Thanks, that works fine on Solaris

--- Post updated 12-06-18 at 06:45 AM ---

Hi Don

I did try on Solaris what you suggested in post #4 and it works as I want it to be.

If you don't mind, got some more question to ask playing around with BRE/regex.

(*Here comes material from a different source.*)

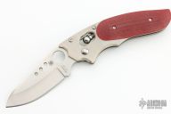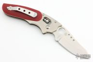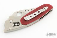 This Phoenix by Spyderco is a Howard Viele Design. The blade is satin finished with thumbhole opening. The handle has a titanium frame with red G-10 scales, stainless steel backspacer, and a tip up stainless steel clip. Comes with original box and papers.  Excellent Condition.
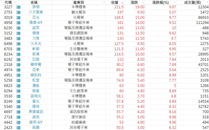 2025-0813日新高爆量上漲股 2025-08-13 股狗網小編 選股條件 發表留言 利用股狗選股的選股條件可以【挑選突破20日新高,爆量上漲起漲點股票】 1.股狗選股 https://www.stockdog.com.tw 2.選股條件: a.收盤價創20日新高 b.當日漲幅 > 2% C.成交量大於5日均量2倍 免責宣言 本網站文章所提供資訊僅供參考,並無任何推介買賣之意,投資人應自行承擔交易風險。 分享此文: 按一下即可分享至 X(在新視窗中開啟) X 按一下以分享至 Facebook(在新視窗中開啟) Facebook 喜歡 正在載入...

Here's another one that I am wanting to do:

Below is the test file file:

$: cat file1
/db/abcp/DIR/abcp_data_01.dbf

Now I want to replace abcp to abct and I use the following which works fine like I wanted it to:

$: sed 's#\(/db/abc\)p\(/DIR/abc\)p\(_.*\.dbf\)#\1t\2t\3#' file > file1
$: cat file1
/db/abct/DIR/abct_data_01.dbf

I also try the following in case I only want to replace only where /db is the beginning of the line:

$: cat file2
/db/abcp/DIR/abcp_data_01.dbf
   /db/abcp/DIR/abcp_data_02.dbf
$: sed 's#^\(/db/abc\)p\(/DIR/abc\)p\(_.*\.dbf\)#\1t\2t\3#' file2 > file1
$: cat file1
/db/abct/DIR/abct_data_01.dbf
   /db/abcp/DIR/abcp_data_02.dbf

OK, it's all good so far. But I thought the previous two options are too 'complicated' so I then try the one below but it is not giving me the result that I wanted. Can you tell me what's wrong with it?

$: sed 's#\(/db/abcp/DIR/abcp_\)\(_.*\.dbf\)#\(/db/abct/DIR/abct_\)\1#' file > file1
$: cat file1
/db/abcp/DIR/abcp_data_01.dbf

I am expecting file1 to be having /db/abct/DIR/abct_data_01.dbf as well shouldn't it be :frowning:

You may be thinking why don't I just simply do 's#abcp#abct#g' instead of having to do sed 's#\(/db/abc\)p\(/DIR/abc\)p\(_.*\.dbf\)#\1t\2t\3#' file > file1 . This is because I may have a line that is /db/abcp/DIR/abcp_abcp_data_01.dbf and that string is supposed to be replaced to /db/abct/DIR/abct_abcp_data_01.dbf . Hence I don't want to do a global replace.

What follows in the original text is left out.